Ha vinto la medaglia d'oro alle Olimpiadi di Pechino del 2008. Prima di partecipare ai Giochi di Londra di quest'anno, invece, la bufera: viene trovato positivo al test anti-doping. L'8 agosto la sua conferenza stampa ha tenuto tutti con il fiato sospeso, sono state le sue ultime parole in pubblico. Poi il silenzio. Ora, Alex Schwazer torna a parlare e lo fa dalle pagine di Vanity Fair. Racconta com'è la sua vita adesso che ha smesso di marciare.
Sta bene dice, ha ripreso a studiare. Frequenta la facoltà di Economia a Innsbruck e fa una vita normale.
L'ombra del doping è calata nella sua esistenza in Corea del Sud nel 2011 durante il Mondiale quando, dopo aver marciato nella 20 chilometri, si è qualificato solo nono. La sera stessa i commenti di alcuni suoi colleghi stranieri sono stati per lui come una pugnalata: "Schwazer Italia 3 ore e 36, Schwazer Russia 3 ore e 30". Ovvero il tempo fatto da pulito e quello che invece avrebbe fatto da dopato. Si è sentito stupido l'ex campione e spiega: "Se certi commenti te li fanno quando stai bene, te ne freghi. Ma io, dopo anni di delusioni, avevo un problema psicologico: quelle frasi mi hanno scatenato dentro una tale rabbia, un tale senso di ingiustizia. Mi sono detto: o smetti subito o ti arrangi come fanno tanti, troppi altri". Nella marcia, insomma, il doping è più frequente di quanto si pensi: "Sto dicendo che, degli otto russi qualificati per l’Olimpiade del 2008 tra aprile e maggio, ne hanno beccati cinque ai controlli antidoping- dichiara l'ex campione - Non cerco scuse, so di aver sbagliato, voglio solo spiegare come sono arrivato a fare un errore così stupido". "La pressione più pericolosa è quella che ti crei da solo - aggiunge - e io sono un maestro nel rovinarmi la vita. Fin da bambino sognavo di andare all’Olimpiade, ci sono arrivato, ho addirittura vinto l’oro, eppure mai una volta sono riuscito a fermarmi a godere quel risultato. Sempre a pormi nuovi obiettivi"
L'amore con la campionessa di pattinaggio Carolina Kostner sembrava vacillare a causa di tutta questa storia: "Invece ad aprile festeggiamo cinque anni insieme, e questa difficoltà - come i problemi di carriera che lei ebbe due anni fa - ci ha resi ancora più uniti.
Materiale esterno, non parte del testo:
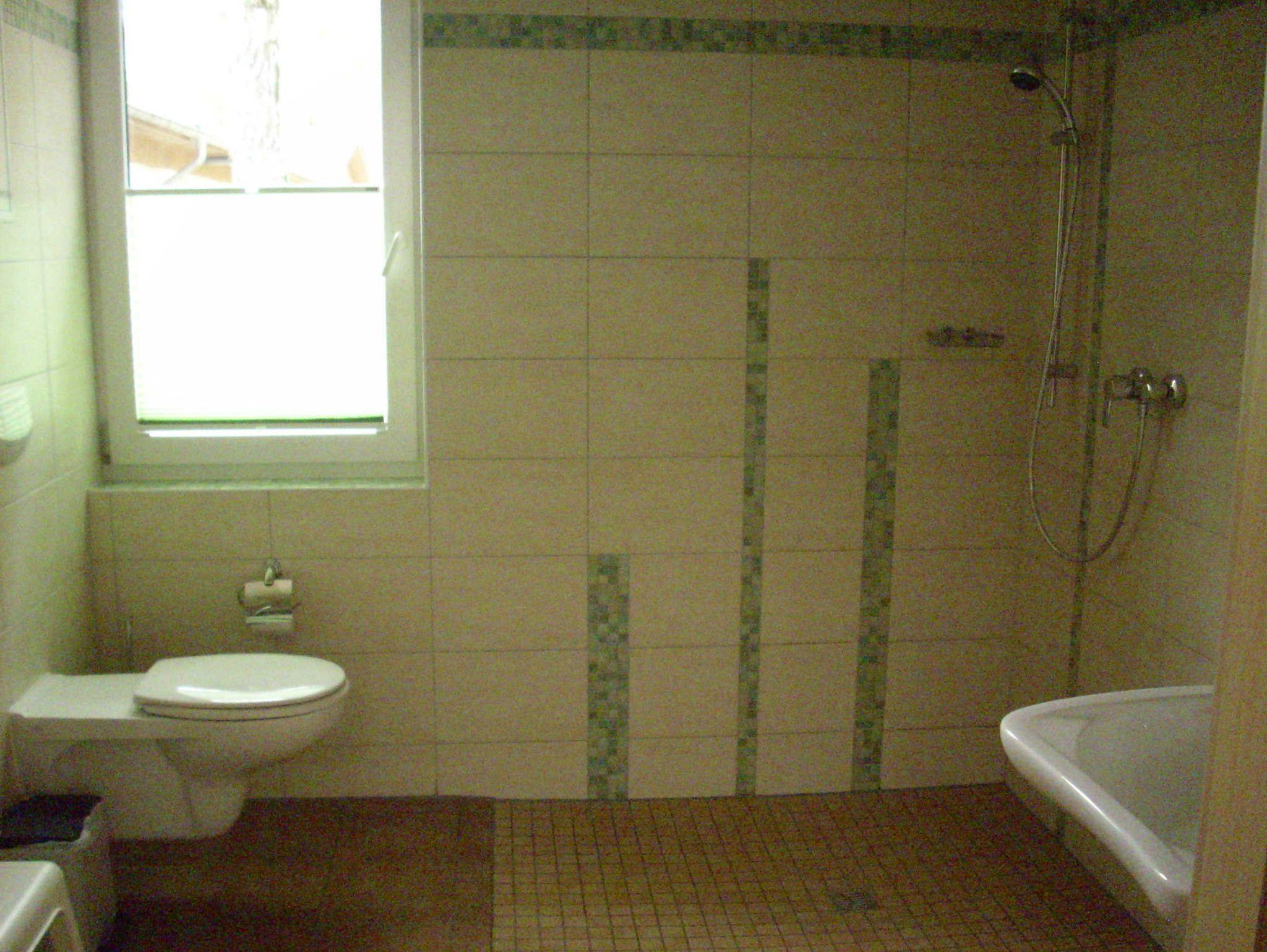 Das Bad ist barrierefrei mit ebenerdiger Dusche, es gibt noch eine zusätzliche Toilette,

Se c’è una persona che può capire e perdonare quello che ho fatto, è lei: noi sportivi siamo estremi, viviamo di pressione e disciplina, e se non stiamo bene psicologicamente rischiamo sempre di cadere", dice Alex.
Ribadisce che quattro anni fa, quando ha vinto l'oro, era pulito: "Per questo ho subito chiesto che fossero rese pubbliche le mie analisi di allora, ma nessuno l’ha ancora fatto. All’epoca avevo valori da quasi anemico, incompatibili con l’uso di Epo. Ho sbagliato, lo ripeto, ma nessuno può togliermi la medaglia che ho vinto a Pechino, con onestà e anni di sacrifici", sottolinea Schwazer. Ma non ha più nessuna intenzione di tornare a marciare, anche se il verdetto nei suoi confronti non dovesse consistere nella squalifica a vita: "Al momento, per me, questa opzione non esiste. Il mio obiettivo oggi è ricostruirmi come uomo, ritrovare un equilibrio. E non è facile anche perché, al di fuori dello sport, non avevo interessi", spiega. Da agosto non ha più marciato: "Mai - afferma - Il giorno in cui sarò più tranquillo - quando si sarà calmata del tutto questa rabbia che dentro un po’ c’è ancora - forse tornerò a fare sport, ma solo per mio piacere". Ma il suo fisico abituato a fare quaranta chilometri al giorno come sta reagendo? "Perde tutti i muscoli (si tocca il torace pelle e ossa, ndr). Non sono ingrassato perché mangio pochissimo: stando tutto il giorno seduto, mi bastano pochi bocconi per essere sazio". Poi racconta cosa gli piace di più della sua nuova vita: "Stare seduto in classe in mezzo a ottanta ragazzi, guardare la pioggia fuori dalla finestra e pensare: 'Che bello, oggi non devo uscire'".